Source data START
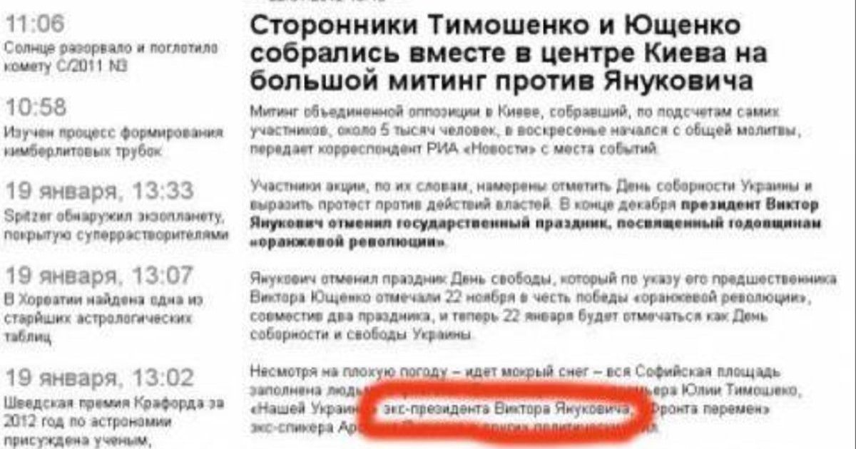 Один из российских новостных сайтов назвал президента Виктора Януковича экс-президентом.
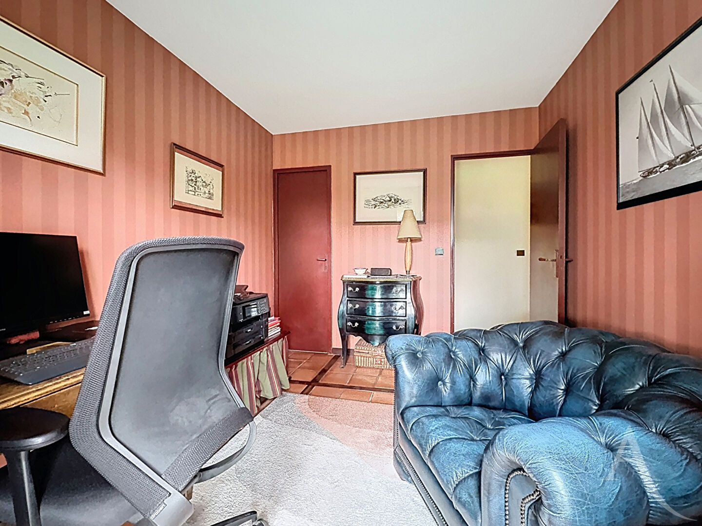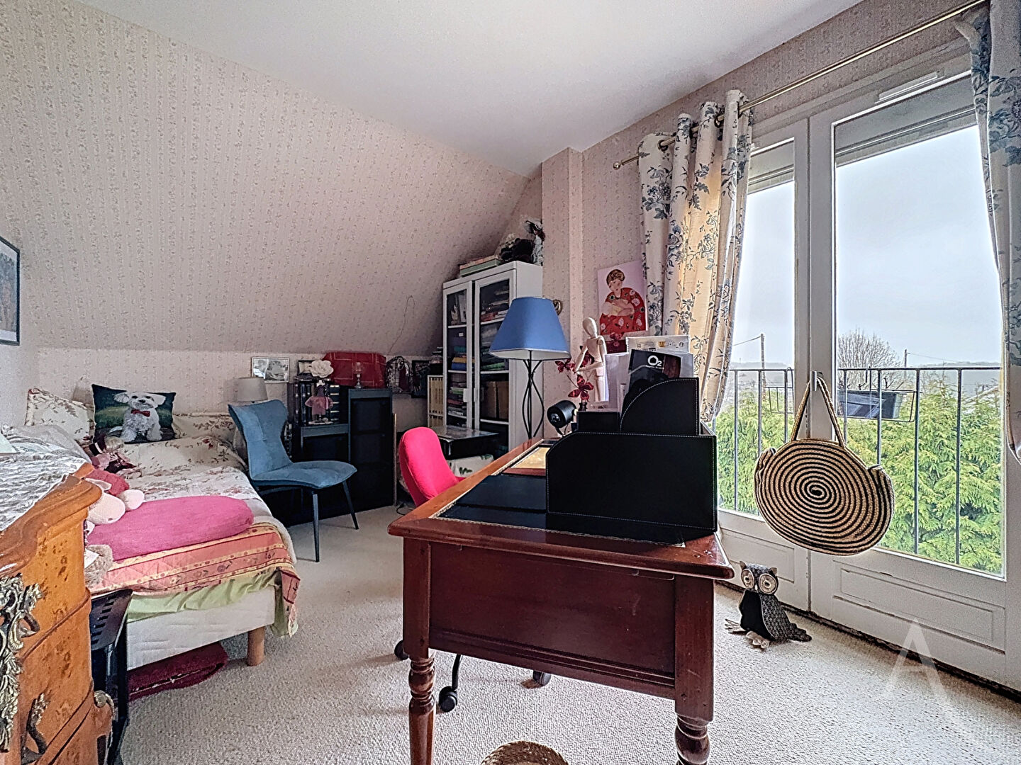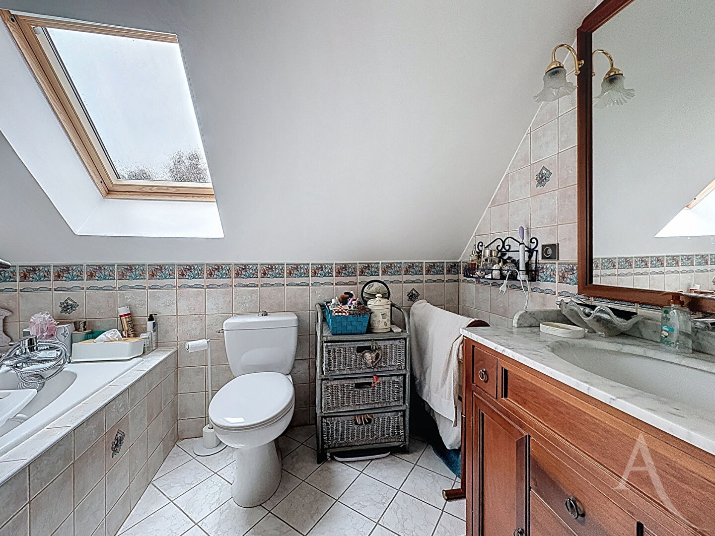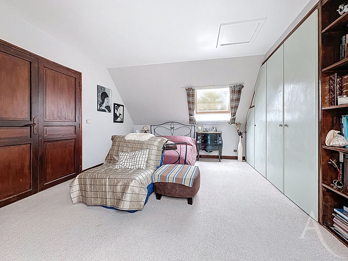 À l'étage, un palier distribue deux chambres, dont une avec dressing et une autre avec de nombreux rangements. Une salle de bains avec WC est également présente. Possibilité d'aménager une 4e chambre selon vos besoins.
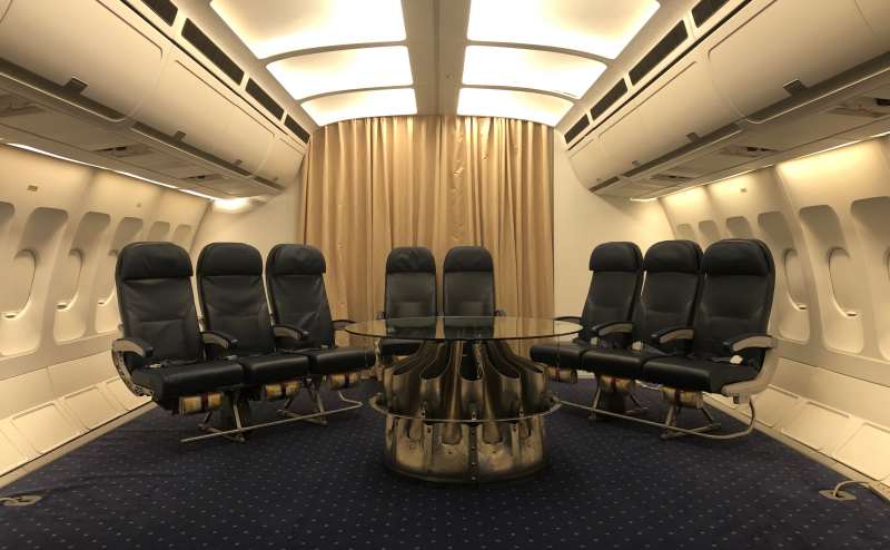 キャビンモックアップは、本物の飛行機部品を搭載した「エアバス320 実寸サイズのキャビン型スペース」です。
Source data END
= Work instruction =
Your copy should hold only the lines running from the one that contains "À l'étage, un" through the final line of the data; transcribe them exactly, both ends included, and leave pictures out.

= Answer to this problem =
 À l'étage, un palier distribue deux chambres, dont une avec dressing et une autre avec de nombreux rangements. Une salle de bains avec WC est également présente. Possibilité d'aménager une 4e chambre selon vos besoins.
 キャビンモックアップは、本物の飛行機部品を搭載した「エアバス320 実寸サイズのキャビン型スペース」です。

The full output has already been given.